Ataque a Embaixada da China deixa um morto
Belgrado, 07 (AE-ANSA) - No 44º dia da campanha de bombardeios aéreos contra a Iugoslávia - composta por Sérvia e Montenegro -, a aviação da Organização do Tratado do Atlântico (Otan) voltou a errar o alvo: atingiu o prédio da embaixada da China na capital iugoslava e uma feira livre e um hospital em Nis (sul).
O governo chinês condenou o ataque, qualificando-o de "bárbaro" e pediu uma reunião extraordinária de emergência do Conselho de Segurança (CS) da ONU. A reunião será realizada em Nova York e terá início à 0h30 (horário de Brasília) de sábado (08).
Três mísseis acertaram o prédio de dois andares da embaixada, localizado no centro de Belgrado. Segundo a agência oficial chinesa Nova China, cinco pessoas estavam feridas embaixo dos escombros - uma delas morreu antes de ser resgatada - e três desaparecidas. No centro de Nis, bombas de fragmentação mataram 15 pessoas e feriram mais de 70.

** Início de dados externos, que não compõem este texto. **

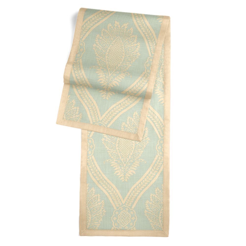 Solid edging adds a touch of refinement, perfectly setting off the center fabric. Brings color and texture to your spa table5/8″ contrast border adds a refined touch100% cotton lining ensures runner lays flat & hangs perfectlyHand made in America in high quality, designer fabricSize: 14″ x 72″
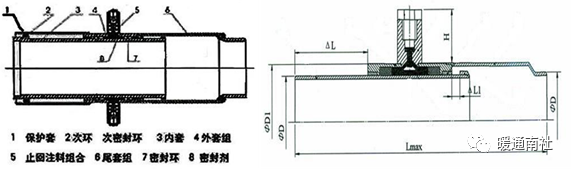 该的密封方式是用密封胶条、聚四氟乙烯等为材料,通过法兰压紧的方式实现密封,图中的黑色密封圈和法兰压盖,类似于阀门的盘根和压盖结构。其特点能够用于直埋,渗漏紧固维修方便。其结构如下:
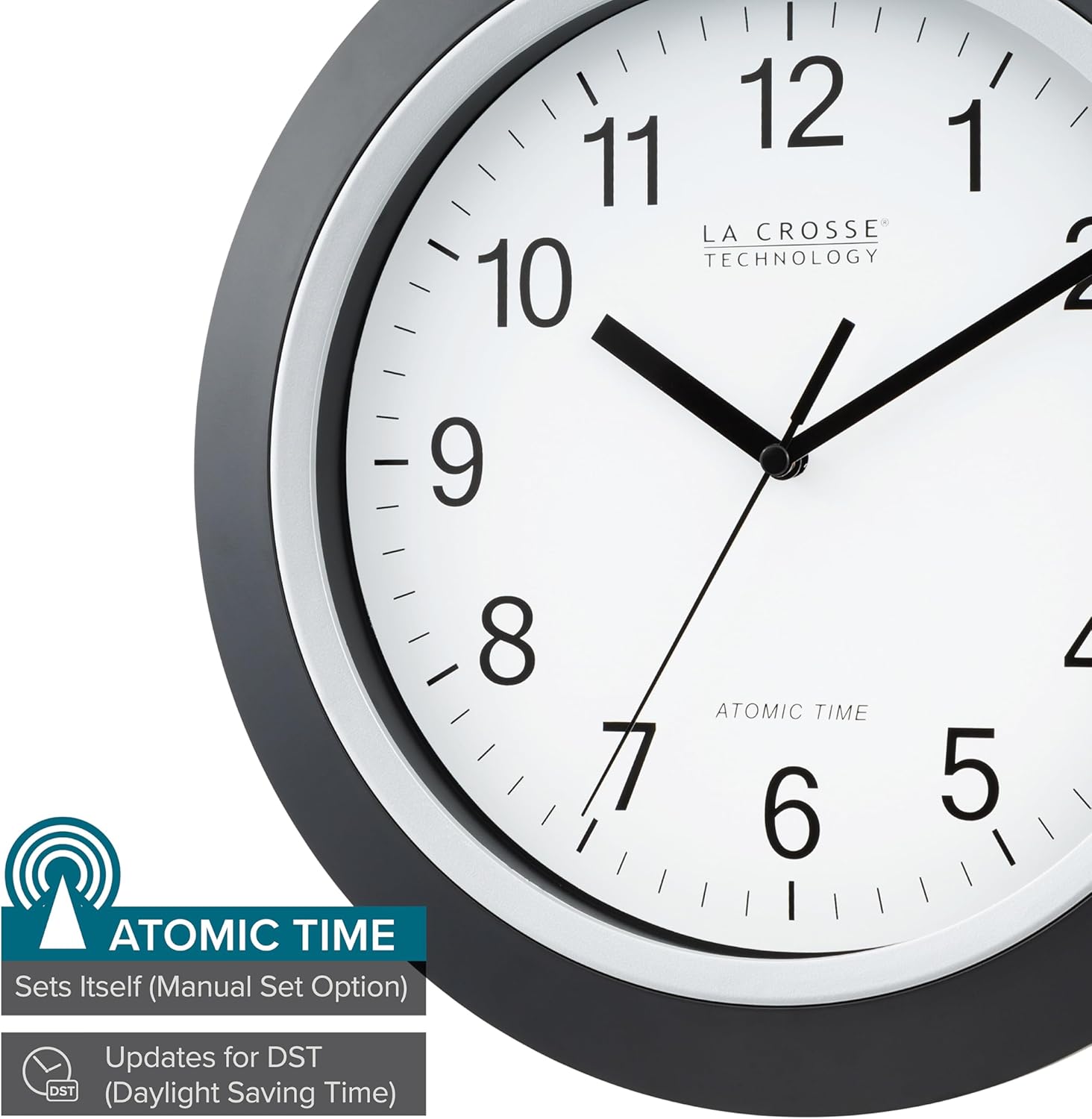 Remove the hassle and worry if your clock’s time is correct, with La Crosse Technology’s Atomic Wall Clock. This 12″ self-setting, radio-controlled analog clock automatically sets to the exact time and keeps it accurate to the second. It has four time zone settings, and it automatically updates for Daylight Saving Time (on/off option). Operating this wall clock is easy. Simply insert one AA alkaline battery into the clock. After the signal is received, press the Time Zone button to set your time zone. Use the manual reset button if you need to readjust the clock, if you are outside the 2,000 mile distance from the signal (located in Fort Collins, CO.) Convenient extra battery compartment for two additional AA batteries to extend the clock’s power up to 5 years. This convenient wall clock has a stylish black frame and an easy-to-read analog face. Its simple style will complement almost any room.

"É possível que um míssil tenha atingido edifícios civis em Nis", admitiu o porta-voz da aliança Vicki Nielsen, que não confirmou a explosão na embaixada chinesa. "Estamos investigando."
Segundo Nielsen, caças-bombardeiros da Otan atacaram no fim da noite de hoje novamente a central termoelétrica de Obrenovac - deixando boa parte da Sérvia e de Montenegro às escuras - e os edifícios do Ministério da Defesa iugoslavo em pleno centro de Belgrado. Perto desses alvos, estão o prédio da Embaixada da China e o Hotel Iugoslávia. Os dois locais foram atingidos.
O ministro iugoslavo sem pasta Goran Matic acusou a Otan de promover um ataque deliberado contra a embaixada. "Quero ver agora como a Otan vai justificar isso."
Segundo o embaixador chinês Qin Huasun, a "Otan deverá ser responsabilizada por todas as consequências" desse ato. Membro permanente do CS com poder de veto, a China foi desde o princípio contra os ataques da Otan à Iugoslávia, considerando a operação uma violação da "integridade territorial".
No fim da noite de hoje, a agência estatal iugoslava Tanjug informou que Fehmi Agani, colaborador mais próximo do líder kosovar moderado Ibrahim Rugova, foi encontrado morto em Kosovo. O comunicado afirma que Agani foi morto pelo Exército de Libertação de Kosovo (ELK) que "perdeu o interesse" nele depois de Rugova ter abandonado a província.